▶ [Activity]:
Print the data below exactly, but only the lines from the one containing "中国软件资讯网4月20日消息" down to the one containing "Puerta de metal", inclusive.

▶ [Entries shown]:
****************************************

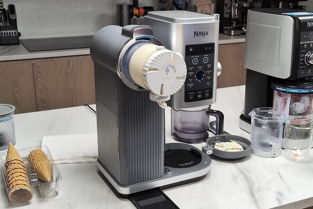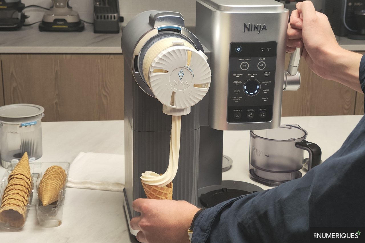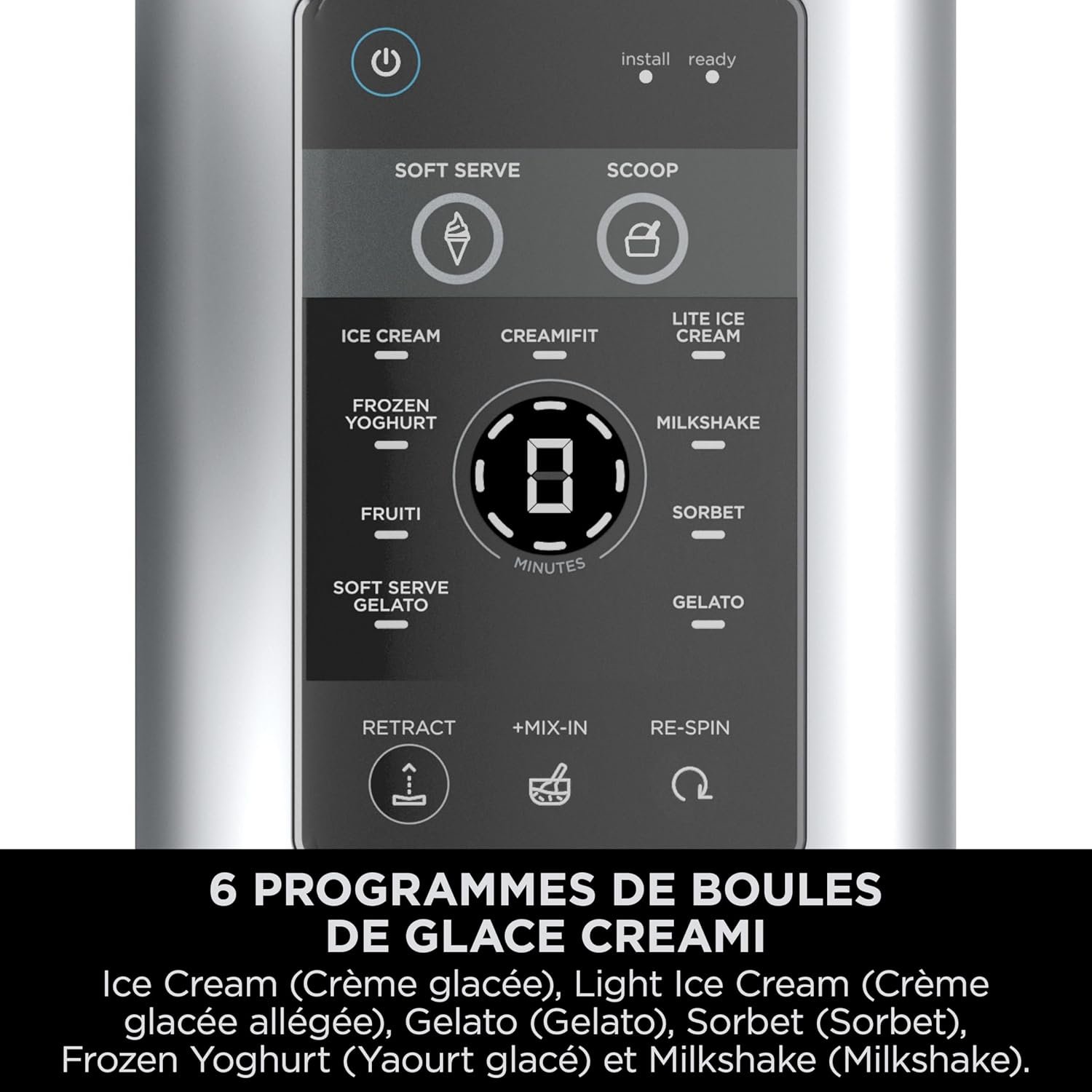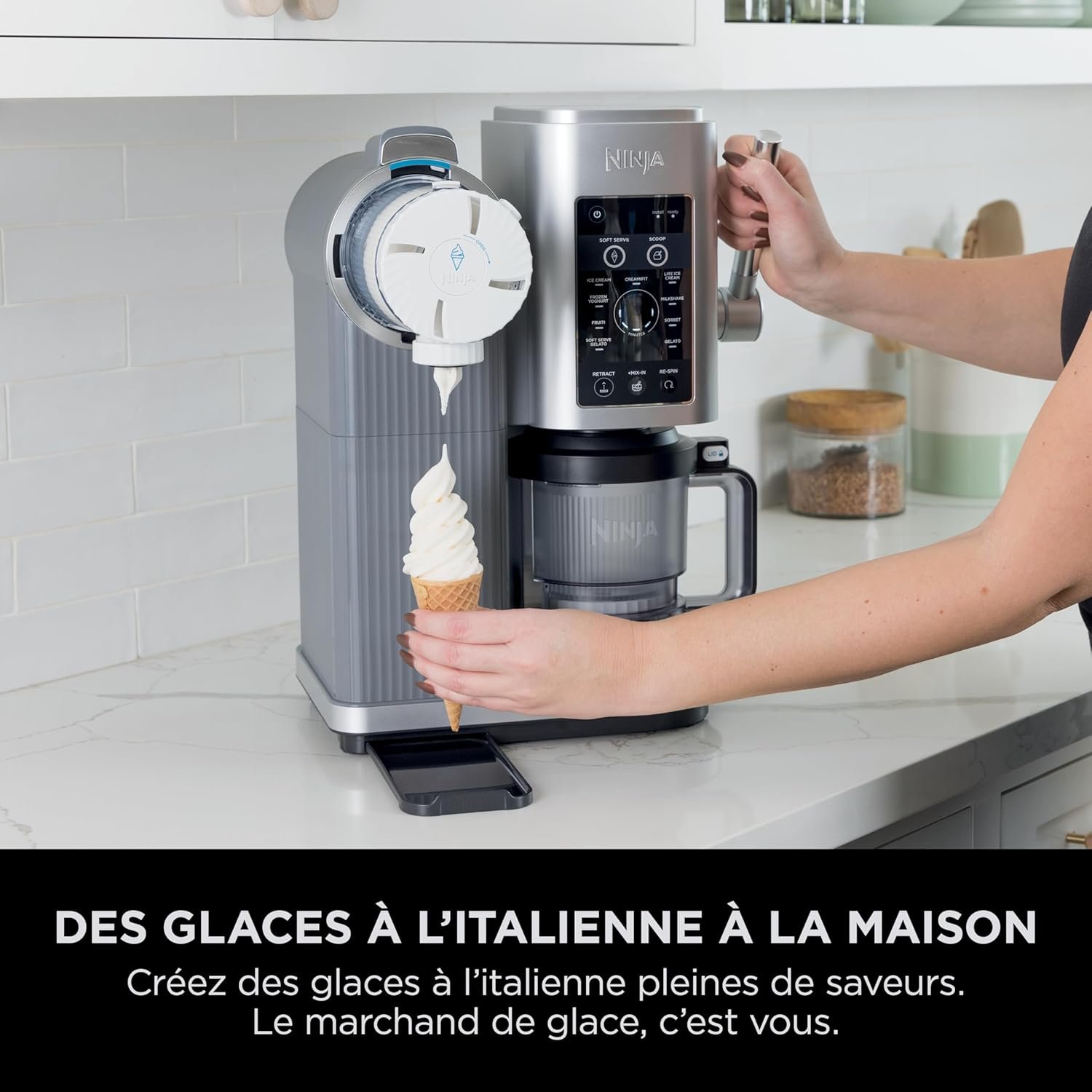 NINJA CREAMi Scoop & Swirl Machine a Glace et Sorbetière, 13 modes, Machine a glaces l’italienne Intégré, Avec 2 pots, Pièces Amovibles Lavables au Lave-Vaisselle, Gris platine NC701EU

****************************************

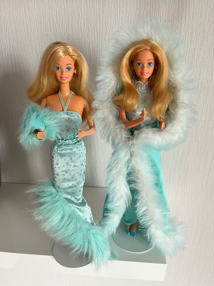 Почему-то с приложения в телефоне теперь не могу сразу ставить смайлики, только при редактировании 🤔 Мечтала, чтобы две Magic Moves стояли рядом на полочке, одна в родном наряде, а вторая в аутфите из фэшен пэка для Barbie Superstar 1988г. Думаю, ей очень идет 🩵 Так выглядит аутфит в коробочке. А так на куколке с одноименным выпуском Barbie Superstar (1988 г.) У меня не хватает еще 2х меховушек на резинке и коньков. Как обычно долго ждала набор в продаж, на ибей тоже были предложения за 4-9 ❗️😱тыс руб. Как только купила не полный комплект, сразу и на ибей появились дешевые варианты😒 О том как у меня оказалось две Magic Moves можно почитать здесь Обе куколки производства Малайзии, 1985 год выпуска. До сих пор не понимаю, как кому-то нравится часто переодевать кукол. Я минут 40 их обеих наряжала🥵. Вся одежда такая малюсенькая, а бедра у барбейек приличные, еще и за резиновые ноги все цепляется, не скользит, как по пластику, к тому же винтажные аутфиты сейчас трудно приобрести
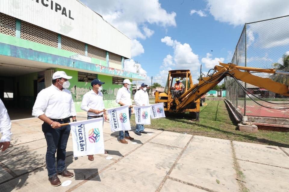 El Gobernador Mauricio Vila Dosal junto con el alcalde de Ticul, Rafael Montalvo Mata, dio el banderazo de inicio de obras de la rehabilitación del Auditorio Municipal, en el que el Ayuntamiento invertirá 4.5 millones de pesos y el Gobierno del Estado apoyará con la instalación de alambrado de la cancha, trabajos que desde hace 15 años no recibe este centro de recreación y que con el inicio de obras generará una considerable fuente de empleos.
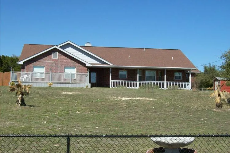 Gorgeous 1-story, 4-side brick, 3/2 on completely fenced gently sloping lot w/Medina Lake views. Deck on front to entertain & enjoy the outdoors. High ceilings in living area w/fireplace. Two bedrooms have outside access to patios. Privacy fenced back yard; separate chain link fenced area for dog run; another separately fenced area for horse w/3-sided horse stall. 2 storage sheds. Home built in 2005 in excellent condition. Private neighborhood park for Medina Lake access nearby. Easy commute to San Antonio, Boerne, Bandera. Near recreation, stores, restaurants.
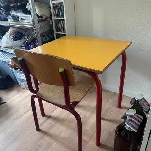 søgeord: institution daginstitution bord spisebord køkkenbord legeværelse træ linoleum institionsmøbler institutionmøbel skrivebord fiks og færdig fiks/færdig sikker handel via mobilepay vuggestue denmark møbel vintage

****************************************

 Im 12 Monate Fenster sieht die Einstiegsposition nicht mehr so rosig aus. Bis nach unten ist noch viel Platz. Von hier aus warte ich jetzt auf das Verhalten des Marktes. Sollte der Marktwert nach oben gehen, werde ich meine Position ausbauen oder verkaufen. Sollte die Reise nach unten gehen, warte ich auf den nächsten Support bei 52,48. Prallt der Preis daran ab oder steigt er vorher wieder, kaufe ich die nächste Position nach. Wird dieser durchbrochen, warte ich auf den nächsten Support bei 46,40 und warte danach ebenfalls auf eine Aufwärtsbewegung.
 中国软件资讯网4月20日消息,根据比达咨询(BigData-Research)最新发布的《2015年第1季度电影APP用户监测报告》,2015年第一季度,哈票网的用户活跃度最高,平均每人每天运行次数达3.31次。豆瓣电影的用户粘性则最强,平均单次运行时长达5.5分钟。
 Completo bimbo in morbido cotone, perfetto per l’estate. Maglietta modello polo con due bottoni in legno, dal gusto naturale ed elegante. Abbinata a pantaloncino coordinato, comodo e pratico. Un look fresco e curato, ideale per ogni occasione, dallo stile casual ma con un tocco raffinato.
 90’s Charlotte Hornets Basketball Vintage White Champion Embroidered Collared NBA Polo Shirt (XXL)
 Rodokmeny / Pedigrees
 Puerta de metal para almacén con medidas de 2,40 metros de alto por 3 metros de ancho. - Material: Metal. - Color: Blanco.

****************************************

▶ [Written reply]:
 中国软件资讯网4月20日消息,根据比达咨询(BigData-Research)最新发布的《2015年第1季度电影APP用户监测报告》,2015年第一季度,哈票网的用户活跃度最高,平均每人每天运行次数达3.31次。豆瓣电影的用户粘性则最强,平均单次运行时长达5.5分钟。
 Completo bimbo in morbido cotone, perfetto per l’estate. Maglietta modello polo con due bottoni in legno, dal gusto naturale ed elegante. Abbinata a pantaloncino coordinato, comodo e pratico. Un look fresco e curato, ideale per ogni occasione, dallo stile casual ma con un tocco raffinato.
 90’s Charlotte Hornets Basketball Vintage White Champion Embroidered Collared NBA Polo Shirt (XXL)
 Rodokmeny / Pedigrees
 Puerta de metal para almacén con medidas de 2,40 metros de alto por 3 metros de ancho. - Material: Metal. - Color: Blanco.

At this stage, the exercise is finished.